Slow coronavirus tests

Current testing is a slow. Most areas across the country are still limited by manual testing, Parodi said. Depending on the state you’re in, it can take one to two days before a test for an in-patient test result to come back, and five days or longer for an outpatient.

How to deal with N95 mask shortages

To deal with the national shortage of tightly fitting N95 masks, also known as respirators, that are designed to filter out 95% of airborne particles, Kaiser is moving toward reusing them, and getting some from a national strategic stockpile, some of which have expired.

N95 masks are particularly important when healthcare workers do procedures that aerosolize a patient’s saliva into tiny airborne particles that can float in the air, which happens when a breathing tube is inserted down a throat to hook up the patient to a mechanical ventilator to help them breathe when they can no longer do so.
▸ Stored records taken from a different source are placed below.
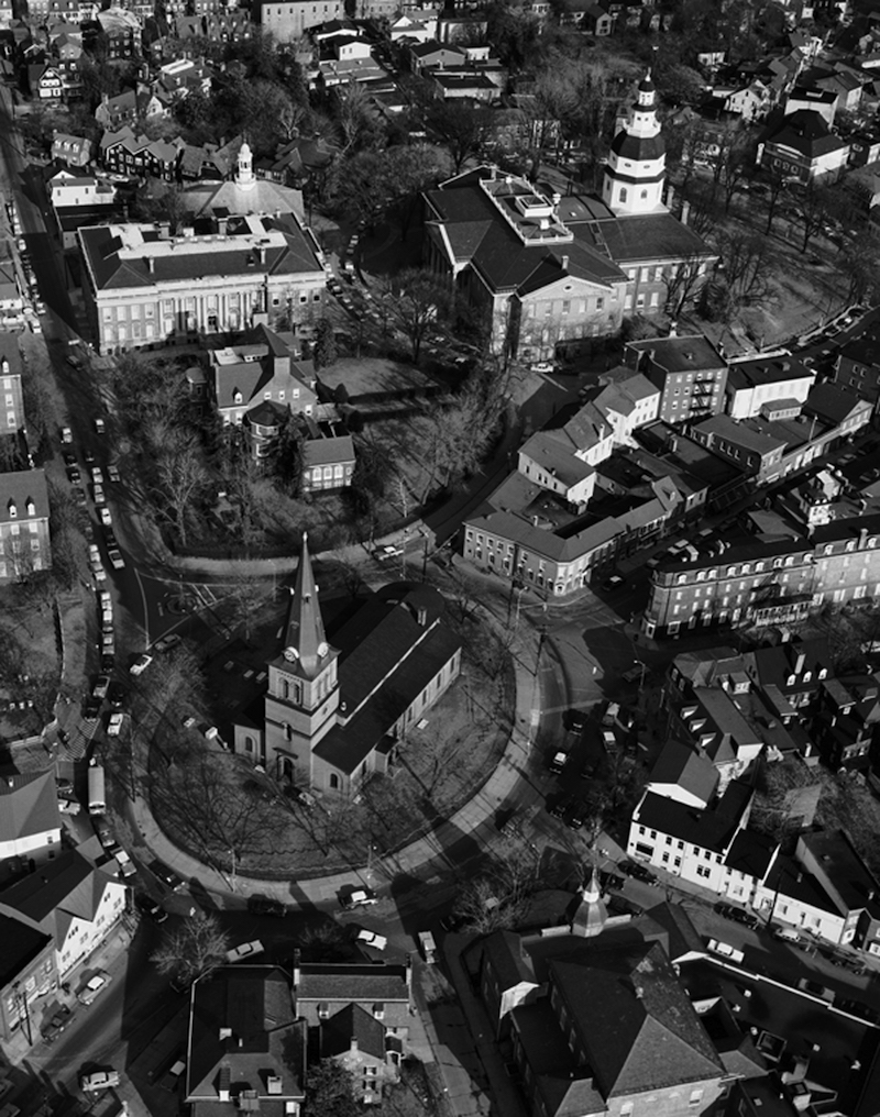 - December 1959: “Among the hundreds of aerials I’ve taken of Annapolis, this is the best for illustrating its radiating circles, and I’ve never been able to duplicate it.” Annapolis, 1959.
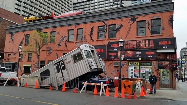Cảnh tượng đổ nát tan hoang sau khi góc phố này bị thằn lằn khổng lồ Godzilla tấn công là một hình ảnh sẽ để lại dấu ấn khó phai trong mắt người đi đường, khiến họ không thể không đến rạp xem phim.
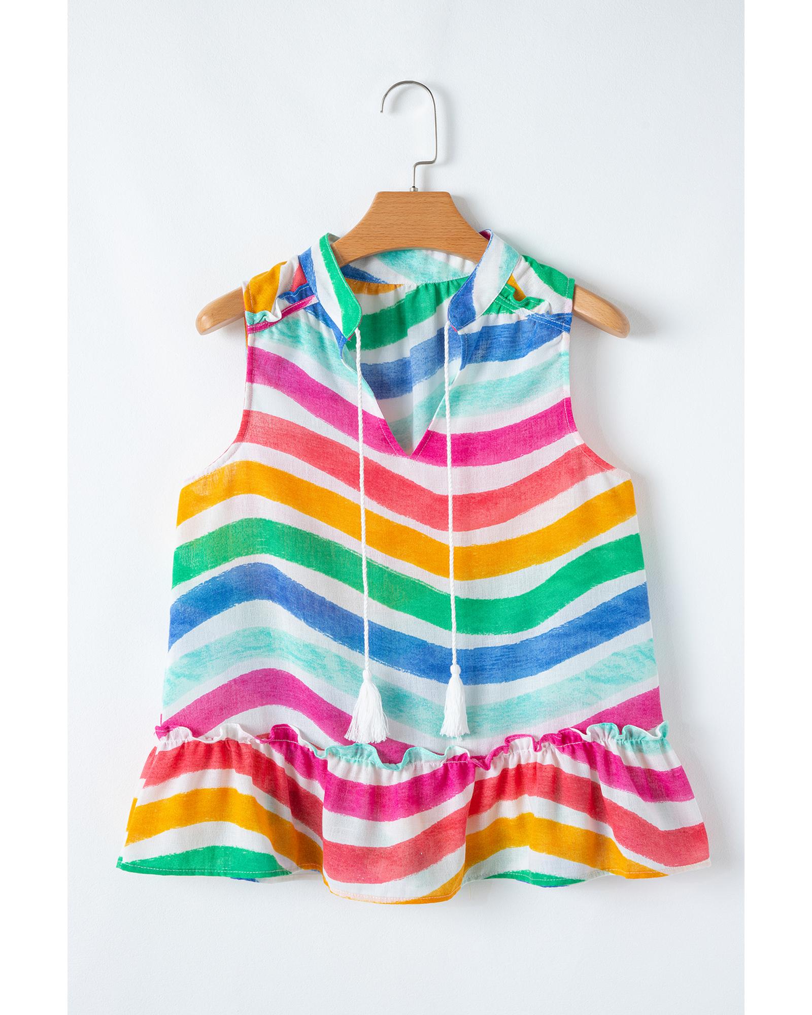 - Rose Red Rainbow Stripes Ruffled Hem Drawstring V Neck Tank Top
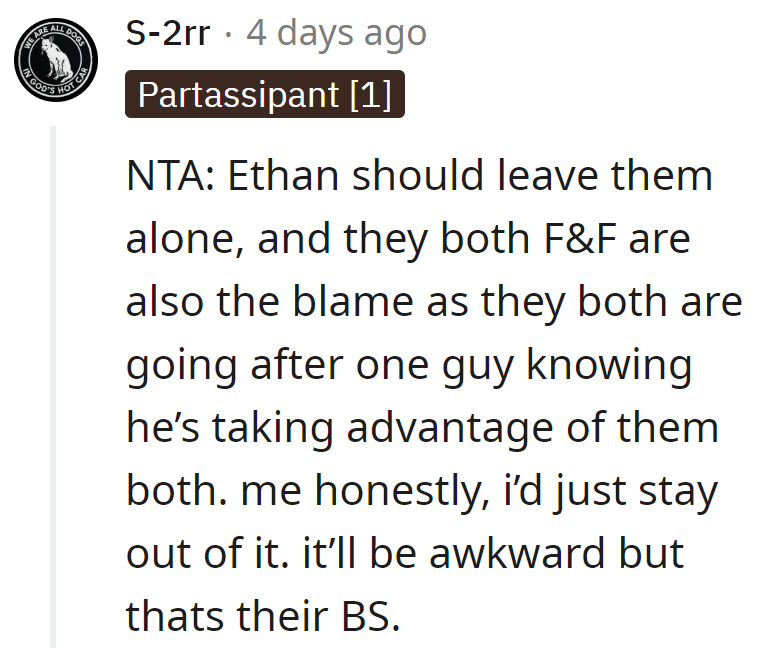 OP faces awkwardness as Ethan, dating Rebecca, cheats with Ashley, claiming it's for "equity" to mend their friendship.
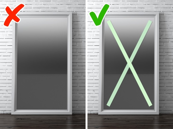 Наклейте на дзеркало широкої смуги клейкої стрічки. Навіть якщо скло пошкодиться при перевезенні, стрічка не дасть йому випасти. Так ви захистите не тільки речі, але і себе.
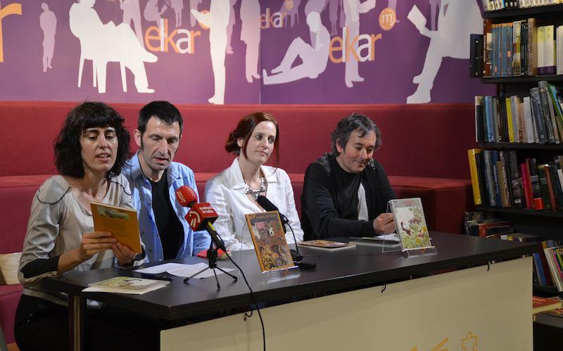 Jokin Mitxelena –ezkerretik bigarrena– liburu aurkezpenean, Donostiako Elkarren
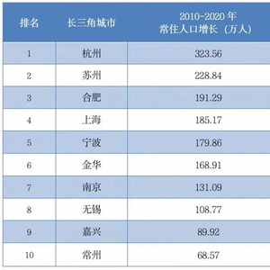 导读:2010-2020年,在长三角城市常住人口增长数量方面,杭州、苏州、合肥位列前三,上海居第四,南京第七。金华、嘉兴两座GDP为5000亿元上下的城市也挺进前十。
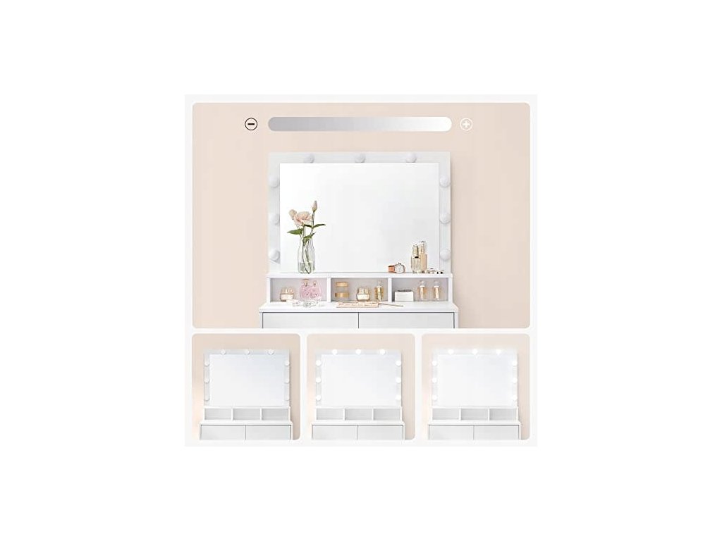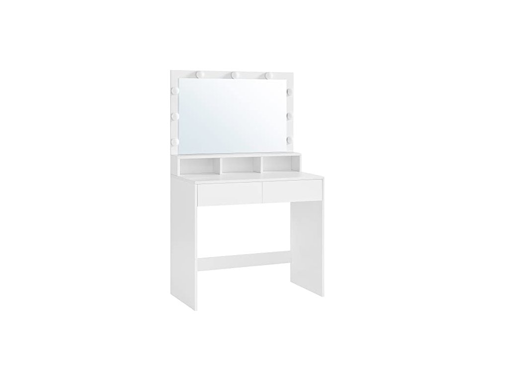 VASAGLE komódasztal világítással, skandináv stílusban, fehér színben
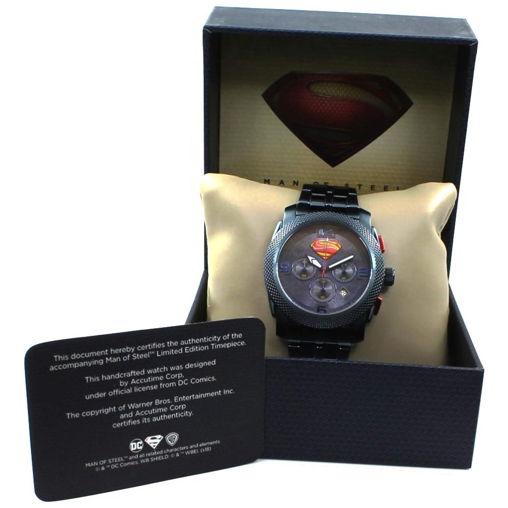O relógio usa o movimento do Japão e possui funções de cronógrafo e data. O mostrador do relógio apresenta a mesma textura e padrão vistos no último traje do Homem de Aço.
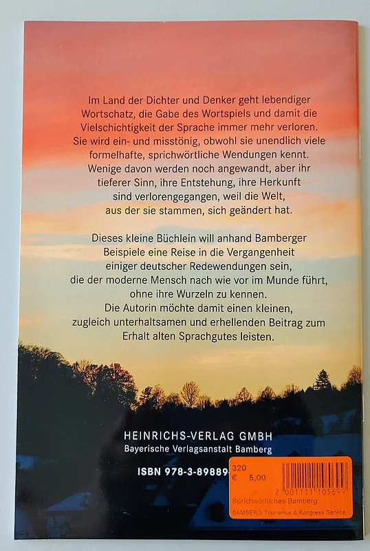Dieses kleine Büchlein will anhand Bamberger Beispiele eine Reise in die Vergangenheit einiger deutscher Redewendungen sein, die der moderne Mensch nach wie vor im Munde führt, ohne ihre Wurzeln zu kennen. Die Autorin möchte damit einen kleinen, zugleich unterhaltsamen und erhellenden Beitrag zum Erhalt alten Sprachgutes leisten.
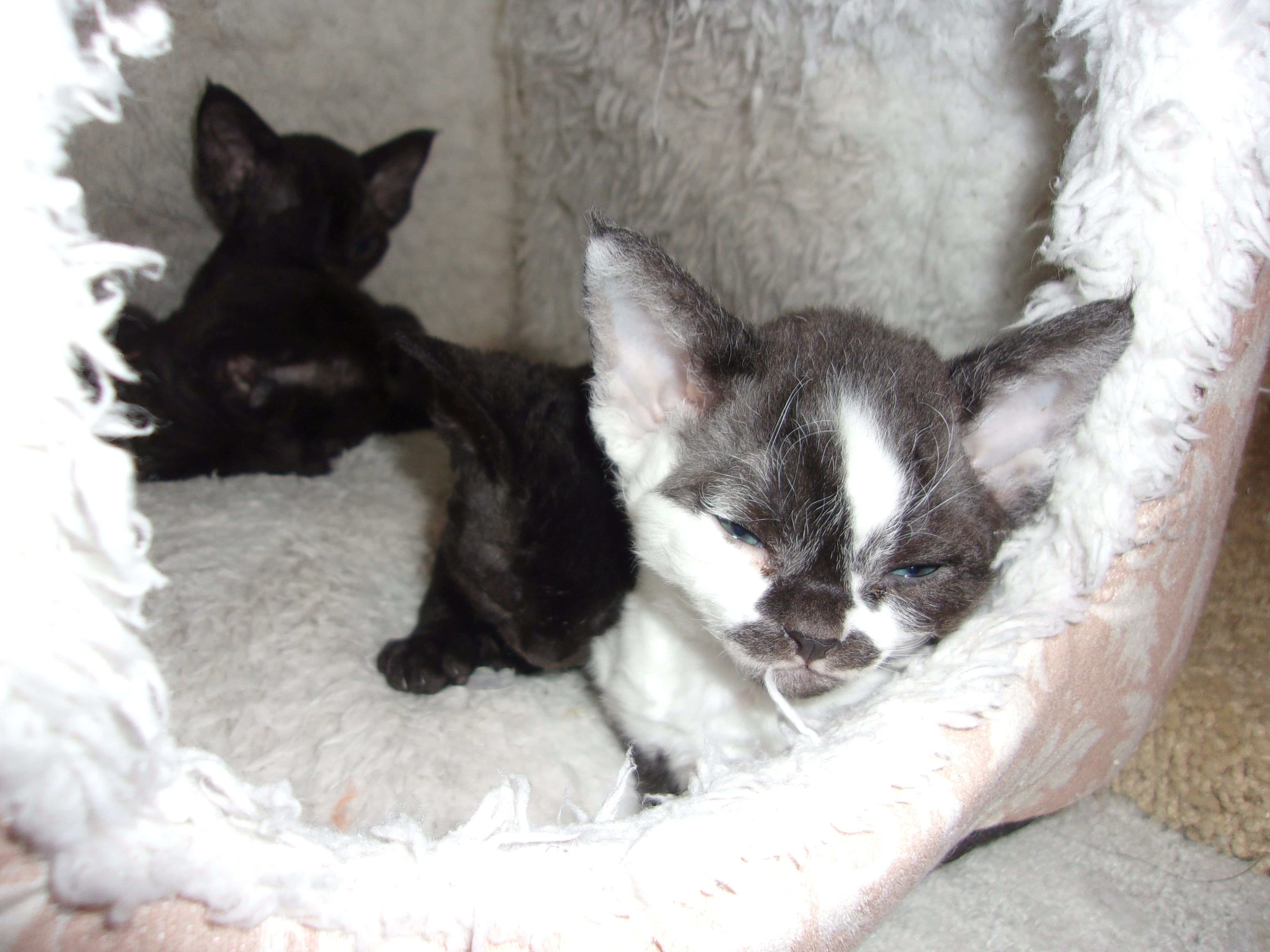 Silver/white tabby female (sold) Black/smoke female (sold)
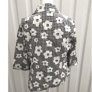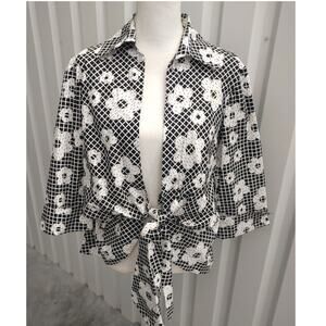 Mishca Top Tie Front Floral Checkered Black White Large Great condition
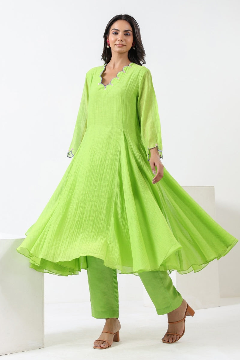 The lime green neckline detailed dress embodies very modish scallop finish on neckline and at sleeves. comes with slip.
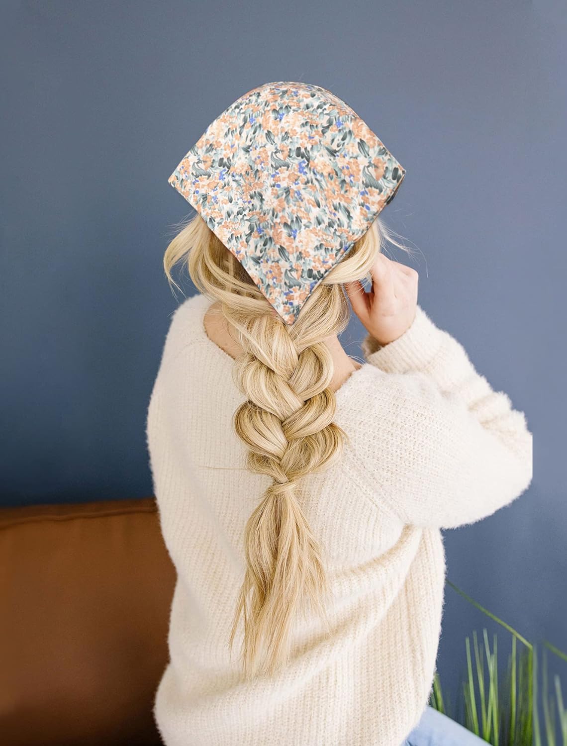 - PRINT FLORAL HEAD KERCHIEF - The print DOUBLE-LAYER head kerchief is pre-tied with elastic ribbon. Each one is printed, the comfortable chiffon fabric with good air permeability does not hurt the hair and fix your hair well
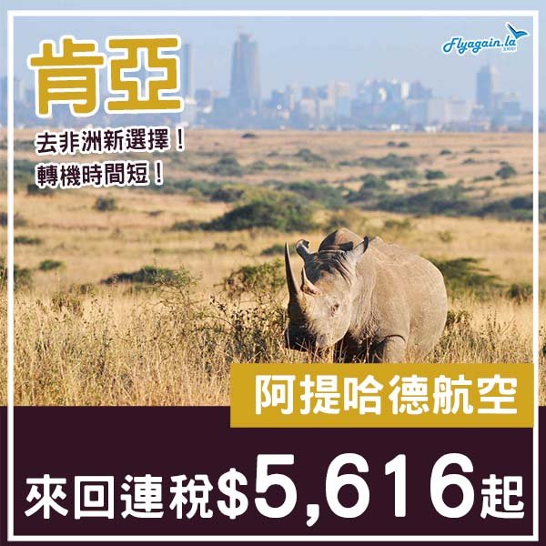【肯亞】六千有找去非洲!阿提哈德航空來回內羅比連稅$5,616起!11月至2026年5月指定日子出發
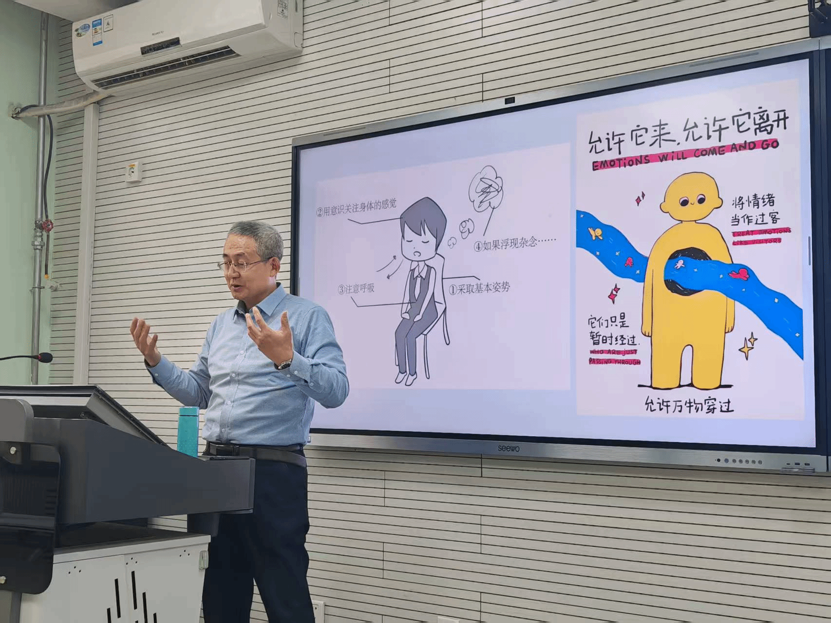 张彦林员工以多年从事心理咨询和治疗的经验,针对大三同学普遍存在的学业、考研、就业、人际关系等压力,结合自己孩子的成长经历,用生动活泼的方式引导同学们首先学会识别、理解并接纳焦虑情绪,进而通过改变对人及事情的态度和观念来消除消极情绪,最后以成长型思维代替固定思维,及时发现和记录积极情绪。张彦林员工还为同学们介绍了几个行之有效且易于操作的调节负面情绪的方法。

Kaiser’s cancellation of elective surgeries earlier in March is also helping preserve masks and other personal protective equipment. Doing so has reduced the number of patients in the hospital by 15%, Parodi said, and instead of having just five to 10 days on hand of personal protective equipment, that’s increased to more than 30 days of supply.

Kaiser is also resorting to unorthodox measures — “literally going to hardware stores” to pick up personal protective equipment and finding “different vendors local to us to be able to provide masks and literally surgical masks, sewing them together, [and] getting the face shields made from hardware store material.”